This is an automated email from the ASF dual-hosted git repository.
alamb pushed a commit to branch main
in repository https://gitbox.apache.org/repos/asf/arrow-rs-object-store.git
The following commit(s) were added to refs/heads/main by this push:
new 1a61282 Support PutMultipartOptions for
MultipartStore::create_multipart for AWS/GCP. (#754)
1a61282 is described below
commit 1a612825dc6f8ccfe1d8bd871df6acae2c68527e
Author: Kevin Zhou <[email protected]>
AuthorDate: Wed Jun 17 12:54:52 2026 -0700
Support PutMultipartOptions for MultipartStore::create_multipart for
AWS/GCP. (#754)
* Add create_multipart_opts
* Add is_empty for TagSet
* fix test
---------
Co-authored-by: Kevin Zhou <[email protected]>
---
src/aws/mod.rs | 9 ++++++
src/azure/mod.rs | 43 ++++++++++++++++++++++++++++-
src/gcp/mod.rs | 9 ++++++
src/integration.rs | 38 ++++++++++++++++++++++++-
src/memory.rs | 21 ++++++++++++--
src/multipart.rs | 81 +++++++++++++++++++++++++++++++++++++++++++++++++++++-
src/prefix.rs | 10 +++++++
src/tags.rs | 5 ++++
src/throttle.rs | 9 ++++++
9 files changed, 220 insertions(+), 5 deletions(-)
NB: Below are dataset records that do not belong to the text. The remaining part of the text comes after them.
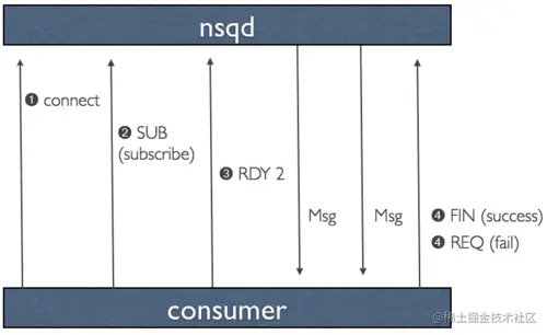 NSQ TCP协议是面向推送的。连接,握手和订阅后,消费者将处于的RDY状态0。当消费者准备好接收消息时,它将RDY状态更新为将要接收的消息数。NSQ客户端库在幕后持续对其进行管理,从而形成了流控制的消息流。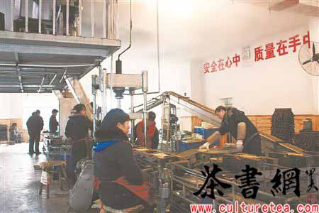茯砖茶生产线更是热火朝天。这条线是公司自主创新设计研制,全自动清洁化回环流水线,生产正品率高,日均产量达6000片以上,曾获得三项国家发明专利。新年开工,便开足马力,全线投入生产。小砖班两条线同时启动,双班轮流生产,日产12000片。为了让下一班员工有较多白天工作时间,上一班的员工总是尽量把时间缩紧,中午吃完饭就开工。员工们熟练地技术操作着,头上冒着热气,茶叶升腾着蒸汽,伴随着机器的轰鸣交响着茶马新春协奏曲。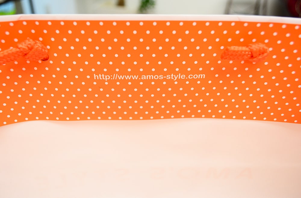 ハンドルは平たいPP紐で、オレンジ色で統一されています。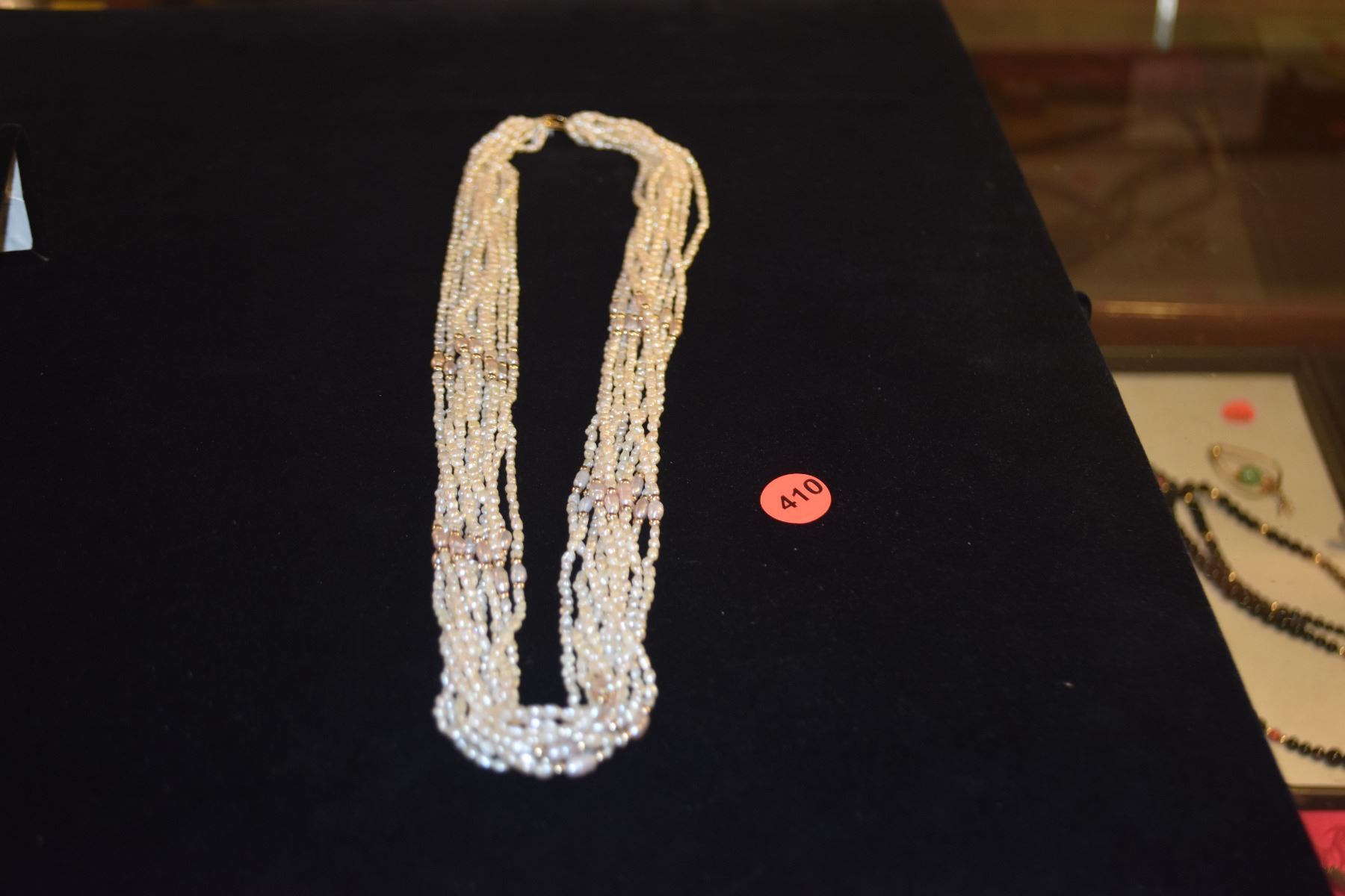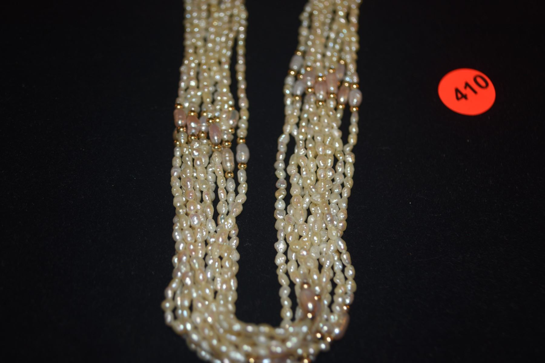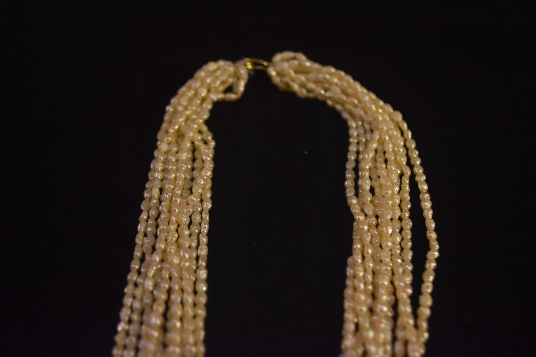 10 STRAND FRESH WATER RICE PEARL NECKLACE W/14K CLASP (30")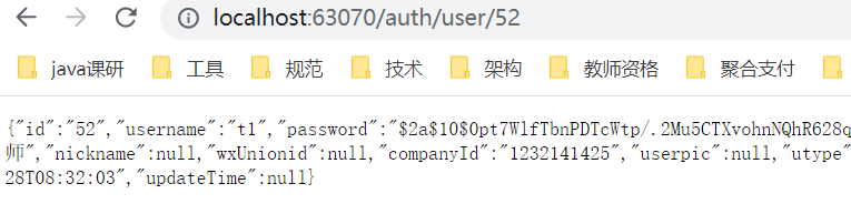 1、访问http://localhost:63070/auth/user/52 可以正常访问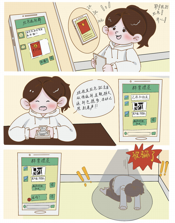 本次活动共收到各班参赛作品近30份,经过评审,最终评选出一、二、三等奖和优秀奖共计10项。同学们在此次文创设计比赛中发挥创意,创作出了一批活灵活现、趣味盎然的文创作品。一等奖获奖作品、洪宜瑄同学创作的《防诈宣传系列插画》运用了漫画加标语的形式,将网络流行语与生动的插画相融合,向大家展现了“中奖”、“红包返利”等网络诈骗手段。一等奖获奖作品、张国峰同学创作的《血淋淋的44万》则从标题到画风都极具冲击力,通过“金钱”“网贷”“魔鬼”等要素展现了网络诈骗的本质,体现了作者的洞察力和创造力。此外,还有许多同学踊跃投稿参赛,通过文化融合产品的宣传手段,以多方面、多角度、多创意的形式表达了他们对网络诈骗的认识。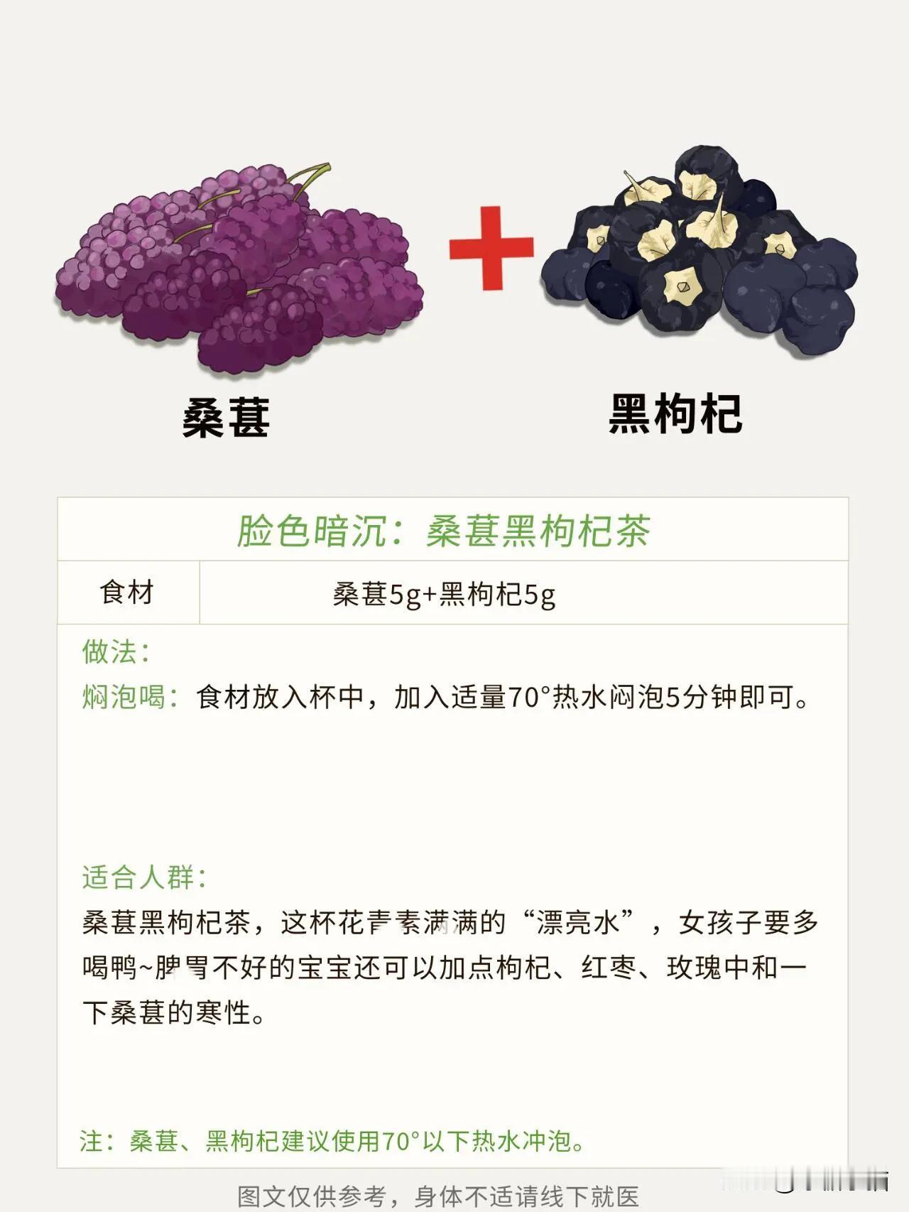 立冬|桑葚搭配,冬藏多吃这味✨“藏.精果” 肾主藏jing,冬气与肾气相对应,养shen精也就成了冬天养生的重要一步✅。 . 桑葚是📖古书里的“藏.精.果”,养月干.肾💭之.阴。 熬夜、掉发多、脸色暗沉的姐妹,冬季泡热茶,🍵试试这杯桑葚茶~ 黑枸杞黄芪茶 麦冬滋阴养颜茶 人参枸杞八珍茶 人参枸杞多宝茶 黑豆黄精淮山茶 元气满满气血茶 听说喝了补气血 营养当归茶 百合桑葚茶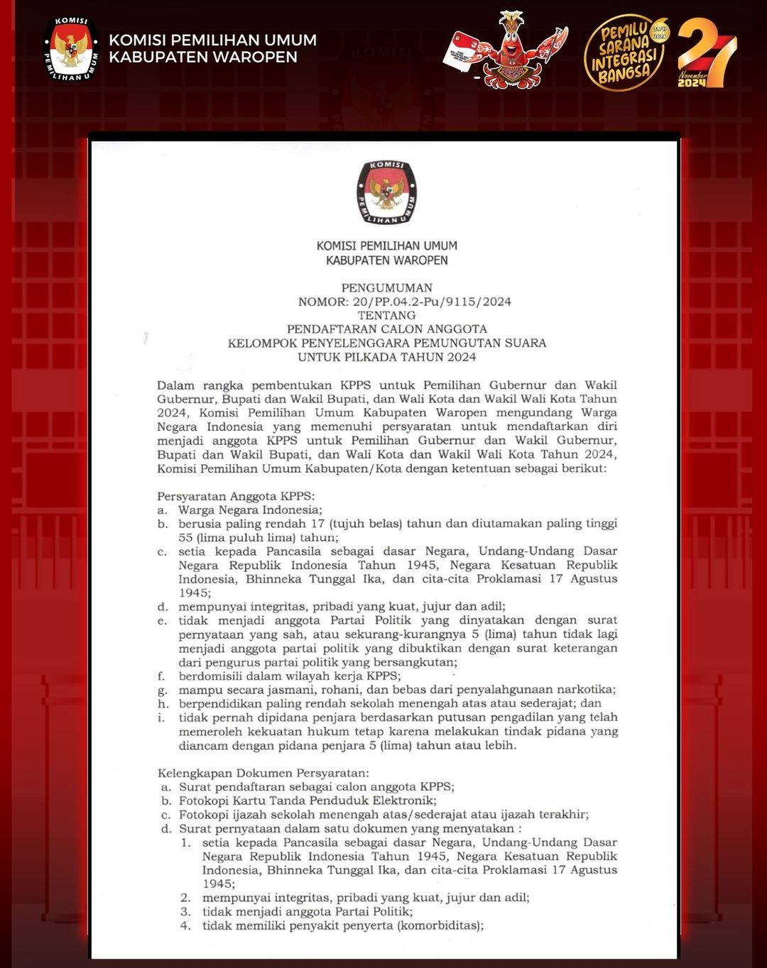 #TemanPemilih, berikut ini kami sampaikan pengumuman Nomor : 20/PP.04.2-Pu/9115/2024, tentang Pendaftaran Calon Anggota Kelompok Penyelenggara Pemungutan Suara (KPPS) untuk Pilkada Tahun 2024.

diff --git a/src/aws/mod.rs b/src/aws/mod.rs
index 149d9e2..b02bd0e 100644
--- a/src/aws/mod.rs
+++ b/src/aws/mod.rs
@@ -490,6 +490,14 @@ impl MultipartStore for AmazonS3 {
.await
}
+ async fn create_multipart_opts(
+ &self,
+ path: &Path,
+ opts: PutMultipartOptions,
+ ) -> Result<MultipartId> {
+ self.client.create_multipart(path, opts).await
+ }
+
async fn put_part(
&self,
path: &Path,
@@ -703,6 +711,7 @@ mod tests {
rename_and_copy(&integration).await;
stream_get(&integration).await;
multipart(&integration, &integration).await;
+ multipart_with_opts(&integration, &integration).await;
multipart_put_part_out_of_order(&integration, &integration).await;
multipart_race_condition(&integration, true).await;
multipart_out_of_order(&integration).await;
diff --git a/src/azure/mod.rs b/src/azure/mod.rs
index b75798f..b53e031 100644
--- a/src/azure/mod.rs
+++ b/src/azure/mod.rs
@@ -27,7 +27,7 @@
//! Unused blocks will automatically be dropped after 7 days.
//!
use crate::{
- CopyMode, CopyOptions, GetOptions, GetResult, ListResult, MultipartId,
MultipartUpload,
+ CopyMode, CopyOptions, Error, GetOptions, GetResult, ListResult,
MultipartId, MultipartUpload,
ObjectMeta, ObjectStore, PutMultipartOptions, PutOptions, PutPayload,
PutResult, Result,
UploadPart,
multipart::{MultipartStore, PartId},
@@ -308,6 +308,26 @@ impl MultipartStore for MicrosoftAzure {
Ok(String::new())
}
+ async fn create_multipart_opts(
+ &self,
+ path: &Path,
+ opts: PutMultipartOptions,
+ ) -> Result<MultipartId> {
+ let PutMultipartOptions {
+ tags,
+ attributes,
+ extensions: _,
+ } = opts;
+
+ if !tags.is_empty() || !attributes.is_empty() {
+ return Err(Error::NotSupported {
+ source: "`create_multipart_opts` with non-default options is
not supported by MicrosoftAzure".into(),
+ });
+ }
+
+ self.create_multipart(path).await
+ }
+
async fn put_part(
&self,
path: &Path,
@@ -353,12 +373,33 @@ mod tests {
use crate::ObjectStoreExt;
use crate::integration::*;
use crate::tests::*;
+ use crate::{Attribute, Attributes};
use base64::Engine;
use base64::prelude::BASE64_STANDARD;
use bytes::Bytes;
use std::time::{SystemTime, UNIX_EPOCH};
#[cfg(feature = "reqwest")]
+ #[tokio::test]
+ async fn azure_create_multipart_opts_rejects_attributes() {
+ let integration = MicrosoftAzureBuilder::new()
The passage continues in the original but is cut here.